Stata/MP — having fun with millions
I was reviewing some timings from the Stata/MP Performance Report this morning. (For those who don’t know, Stata/MP is the version of Stata that has been programmed to take advantage of multiprocessor and multicore computers. It is functionally equivalent to the largest version of Stata, Stata/SE, and it is faster on multicore computers.)
What was unusual this morning is that I was running Stata/MP interactively. We usually run MP for large batch jobs that run thousands of timings on large datasets — either to tune performance or to produce reports like the Performance Report. That is the type of work Stata/MP was designed for — big jobs on big datasets.

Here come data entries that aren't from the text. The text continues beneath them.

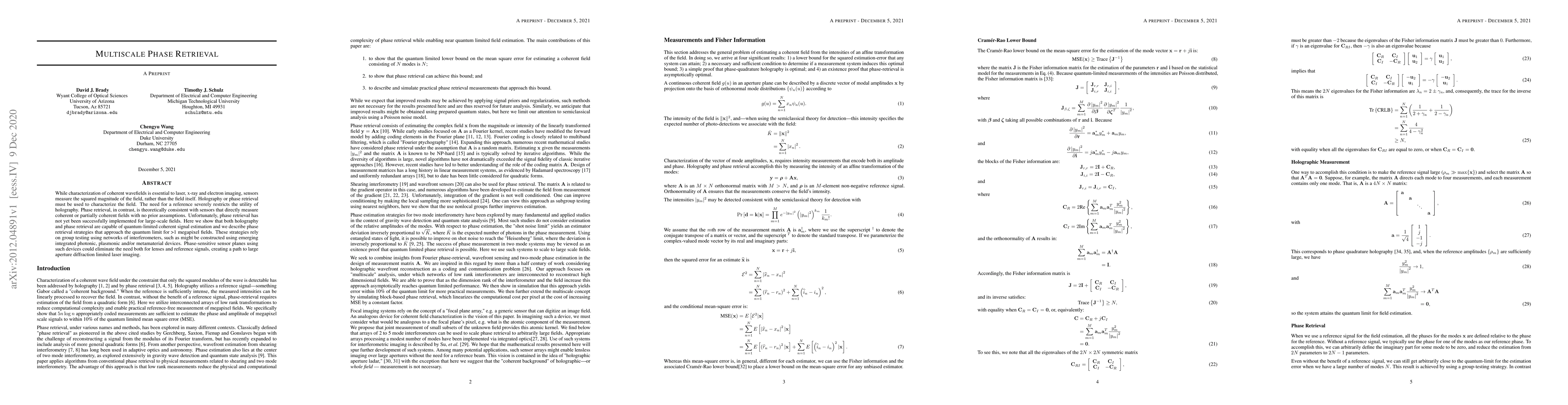 While characterization of coherent wavefields is essential to laser, x-ray and electron imaging, sensors measure the squared magnitude of the field, rather than the field itself. Holography or phase retrieval must be used to characterize the field. The need for a reference severely restricts the utility of holography. Phase retrieval, in contrast, is theoretically consistent with sensors that directly measure coherent or partially coherent fields with no prior assumptions. Unfortunately, phase retrieval has not yet been successfully implemented for large-scale fields. Here we show that both holography and phase retrieval are capable of quantum-limited coherent signal estimation and we describe phase retrieval strategies that approach the quantum limit for >1 megapixel fields. These strategies rely on group testing using networks of interferometers, such as might be constructed using emerging integrated photonic, plasmonic and/or metamaterial devices. Phase-sensitive sensor planes using such devices could eliminate the need both for lenses and reference signals, creating a path to large aperture diffraction limited laser imaging.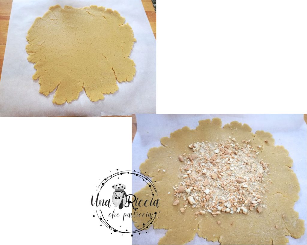 No local de trabalho, colocamos as farinhas formando um monte com um buraco no meio e no centro colocamos a manteiga fria cortada em pedaços e começamos a trabalhar juntos primeiro amassando e depois esfregando os ingredientes entre as mãos até obtermos uma mistura com a consistência de areia.Reformamos uma montanha de farinha e colocamos dentro o ovo, a gema, o óleo de sementes, o açúcar mascavo e uma pitada de sal, então trabalhamos a massa, mas rapidamente para não esquentar muito a manteiga. Obtemos uma bola lisa e homogênea.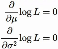 $L$ を $\mu$ と $\sigma^2$ で微分して $0$ になる条件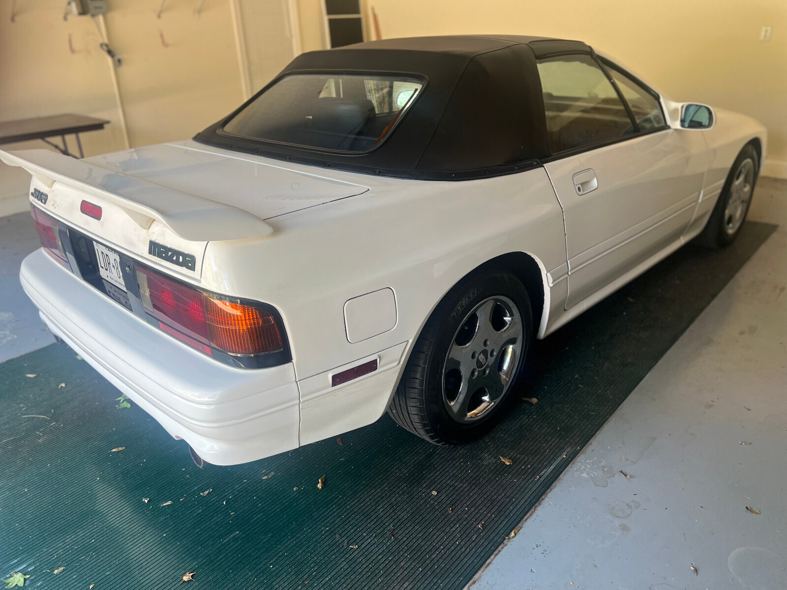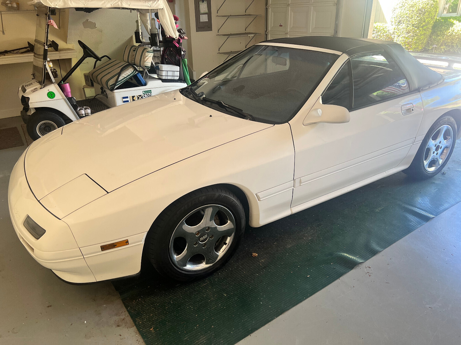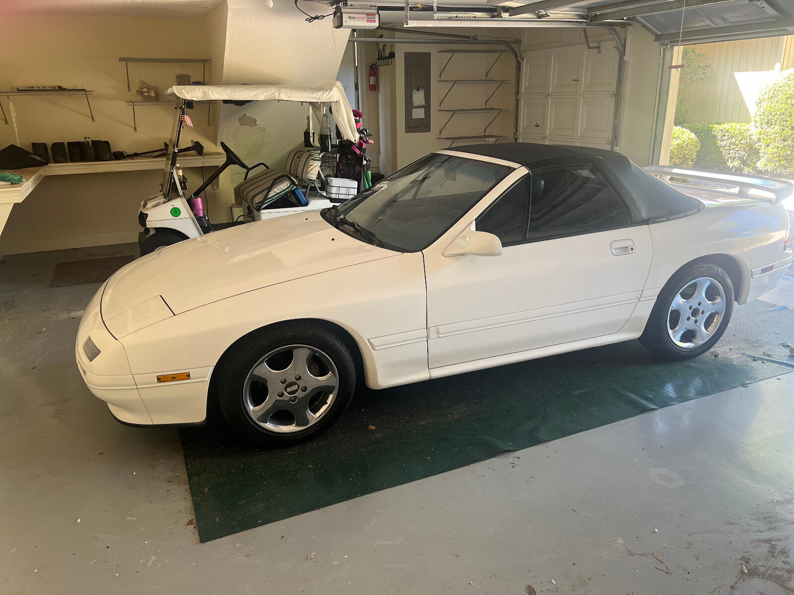 1991 Mazda RX7 Convertible, 49K Original Miles, Excellent Condition, Loaded, White Exterior, Blue Leather Interior, Black Convertible Top with Glass Rear Window and Rear Window Defroster, Cold AC, Dual Front Air Bags, Power Windows, Tilt Wheel, Cruise Control, Original AM/FM/CD Stereo, Built-in Equalizer, Stereo Headrest Speakers, Blue Matching - Tonneau Convertible Top Cover, EMC Custom Wheels & New Tires.

I will admit right now that I mostly run Stata interactively using the auto dataset, which has 74 observations. I run Stata/MP using all 4 cores of my quad-core computer, but I am mostly wasting 3 of them — there is no speeding up the computations on 74 observations. This morning I was running Stata/MP interactively on a 24-core computer using a somewhat larger dataset.

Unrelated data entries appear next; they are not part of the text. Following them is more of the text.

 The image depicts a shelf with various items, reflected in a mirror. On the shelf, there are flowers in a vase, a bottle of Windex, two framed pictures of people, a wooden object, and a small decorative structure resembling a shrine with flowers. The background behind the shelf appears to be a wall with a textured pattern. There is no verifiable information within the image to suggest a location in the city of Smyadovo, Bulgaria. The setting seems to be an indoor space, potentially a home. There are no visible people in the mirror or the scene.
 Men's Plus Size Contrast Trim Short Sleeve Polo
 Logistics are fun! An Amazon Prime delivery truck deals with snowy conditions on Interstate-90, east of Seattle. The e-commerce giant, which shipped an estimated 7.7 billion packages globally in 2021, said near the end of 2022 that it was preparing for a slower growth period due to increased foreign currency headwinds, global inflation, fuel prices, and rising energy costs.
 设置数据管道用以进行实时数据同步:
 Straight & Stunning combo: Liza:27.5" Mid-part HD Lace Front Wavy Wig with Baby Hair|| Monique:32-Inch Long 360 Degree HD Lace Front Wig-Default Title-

After a while, I was struck by the fact that I wasn’t noticing any annoying delays waiting for commands to run. It felt almost as though I were running on the auto dataset. But I wasn’t. I was running commands using 50 covariates on 1 million observations! Regressions, summary statistics, etc.; this was fun. I had never played interactively with a million-observation dataset before.

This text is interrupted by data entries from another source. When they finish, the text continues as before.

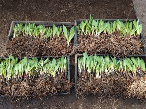 昨年10月に伏せ込んでいた行者にんにく(ヒトビロ、アイヌネギなどとも呼ばれる)を掘り出しています。土やバーク堆肥がまぶしてあるのでほろいながら移設する。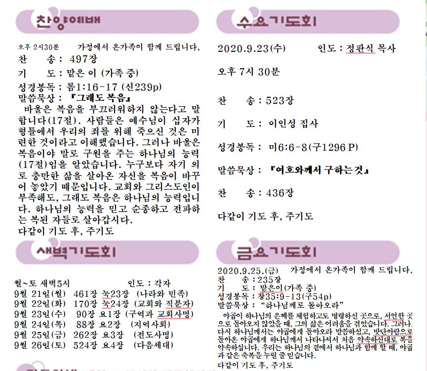 2020년 9월 20일 주중예배순서지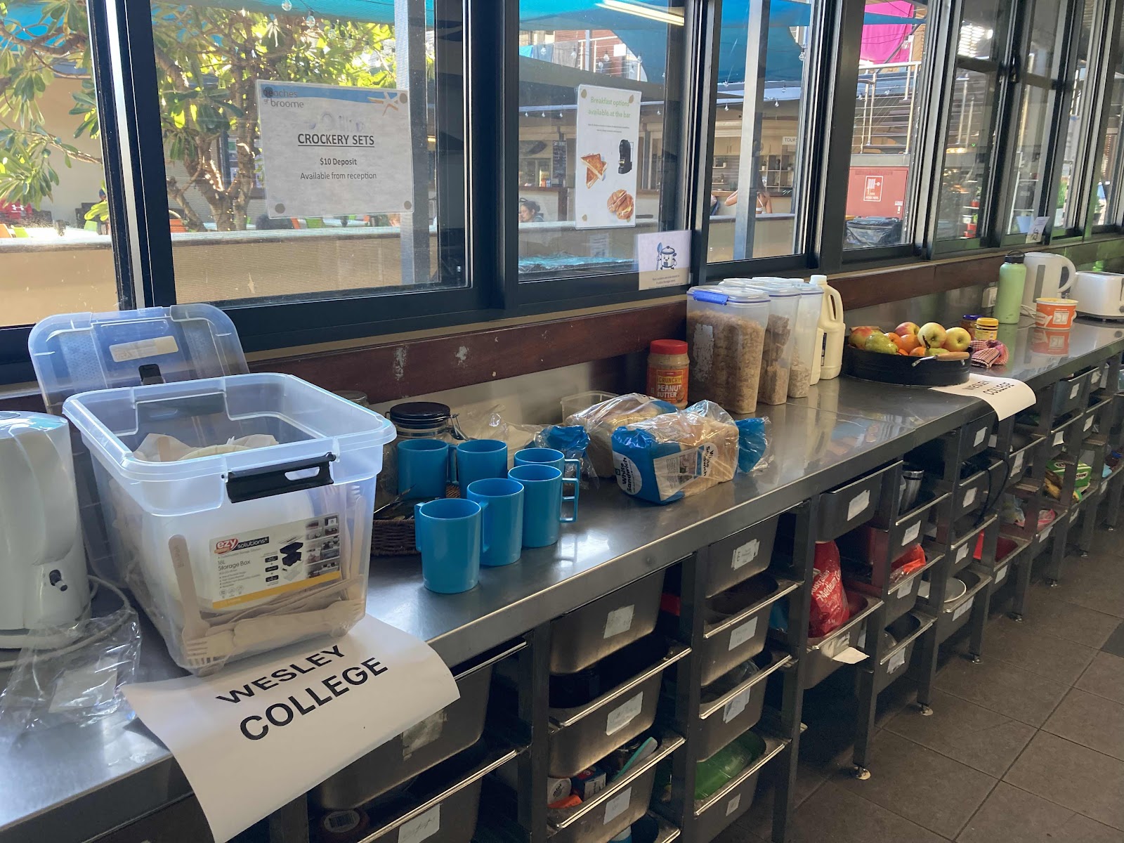 These are all young Indonesians, who monopolise the kitchen at dinner time, cooking up spicy food. They each have their own mini rice cooker and these are all lined up on the kitchen bench. I believe they are working in Broome picking fruit.
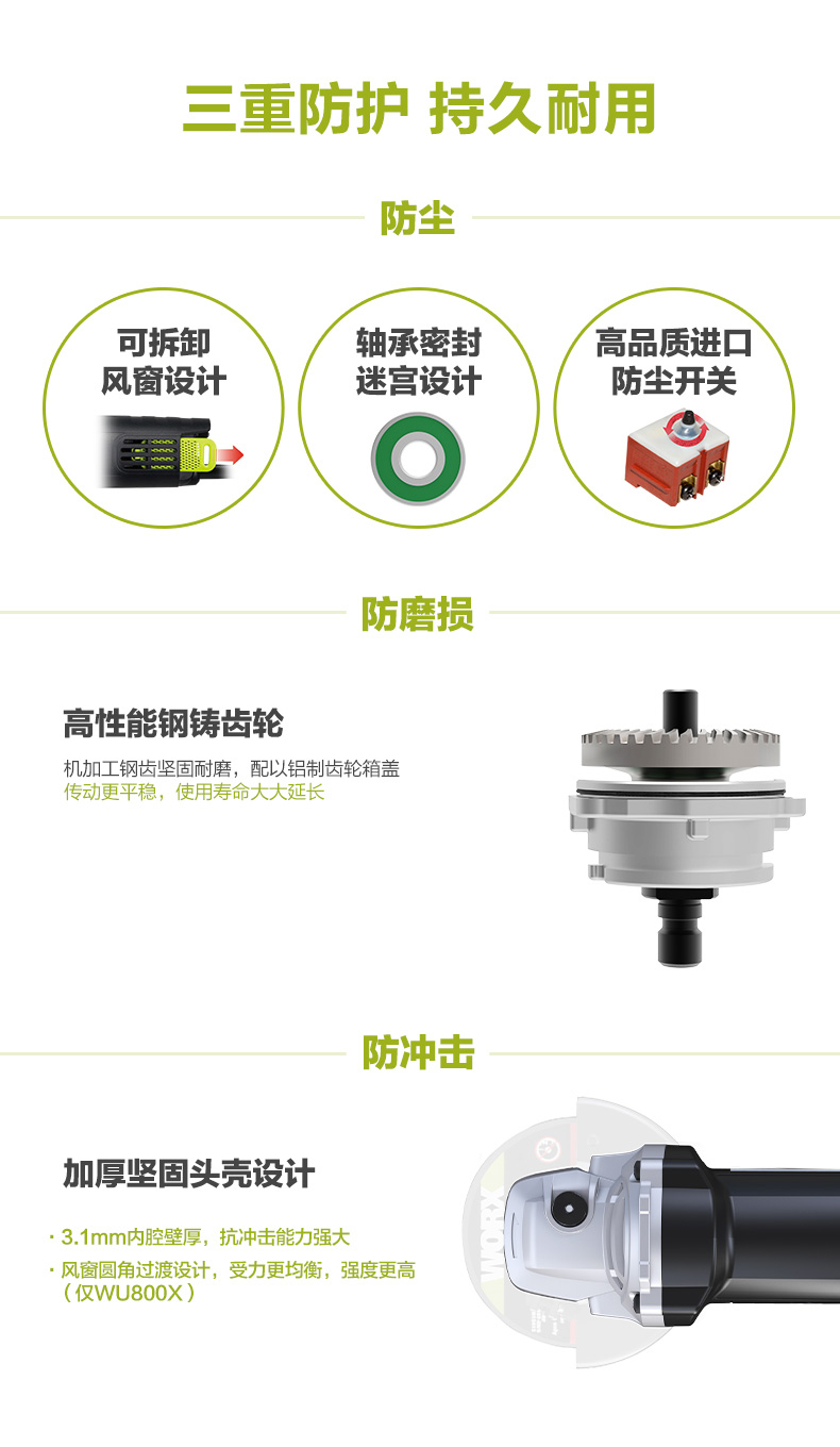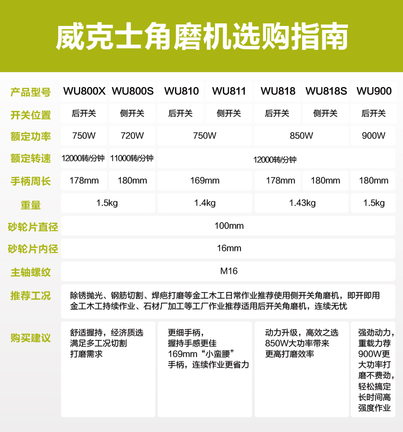 威克士工业级220V万用角磨机WU800X多功能电动抛光打磨切割磨光机WU818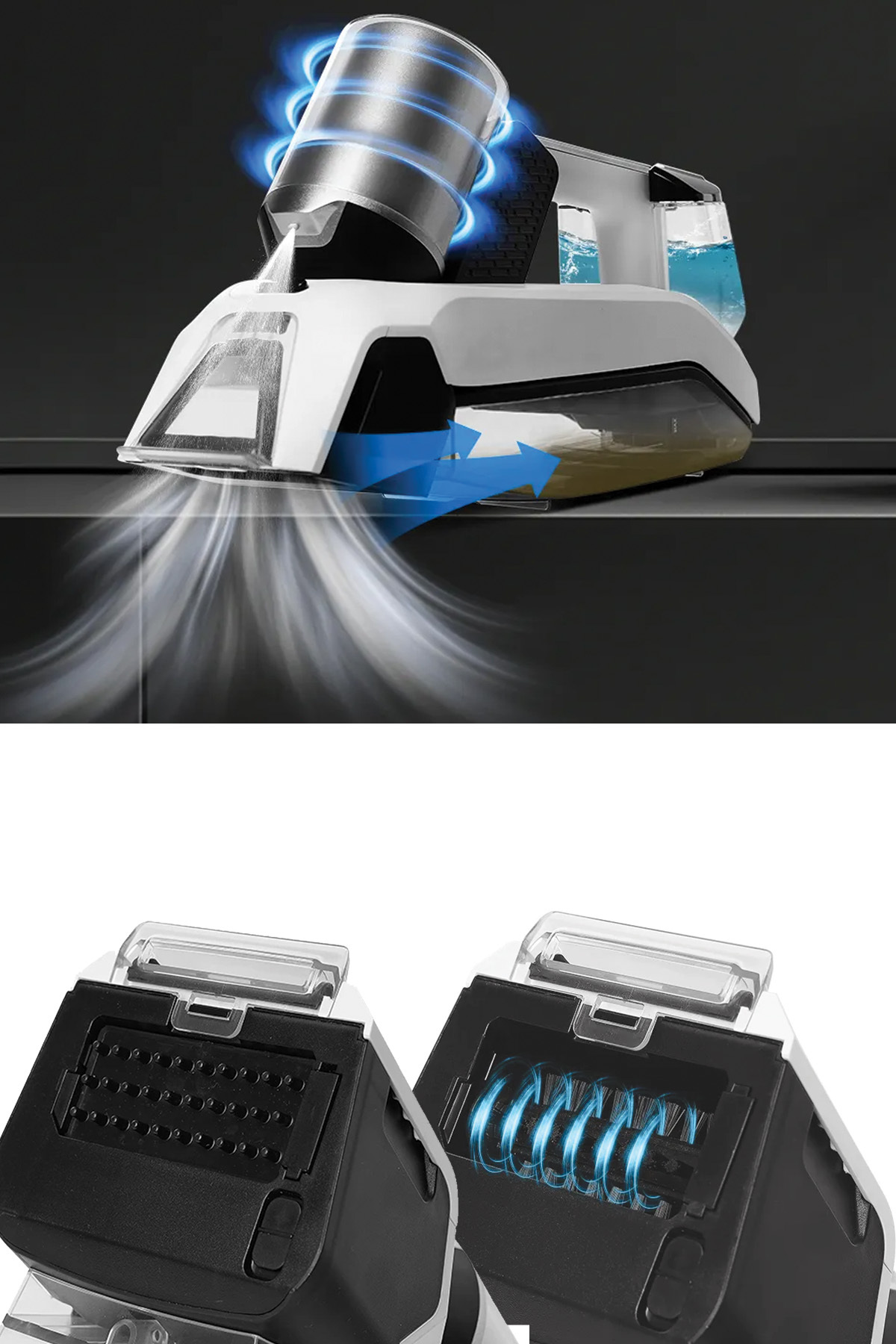 Kanepeler, halılar, kilimler, oto iç mekanları ve döşeme temizligi için idealdir.

Out of curiousity, I turned off multicore support. The change was dramatic. Commands that were taking less than a second were now taking longer, too long. My coffee cup was full, but I contemplated fetching a snack. Running on only one processor was not so much fun.
For your information, I set rmsg on and ran a few timings:
Timing (seconds) | ||
Analysis | 24 cores | 1 core |
generate a new variable | .03 | .33 |
summarize 50 variables | .88 | 19.55 |
twoway tabulation | .45 | .45 |
linear regression | .65 | 11.48 |
logistic regression | 7.19 | 59.27 |
All timings are on a 1 million observation dataset. The two regressions included 50 covariates. |
OK, the timings with 24 cores are not quite the same as with the auto dataset, but well within comfortable interactive use.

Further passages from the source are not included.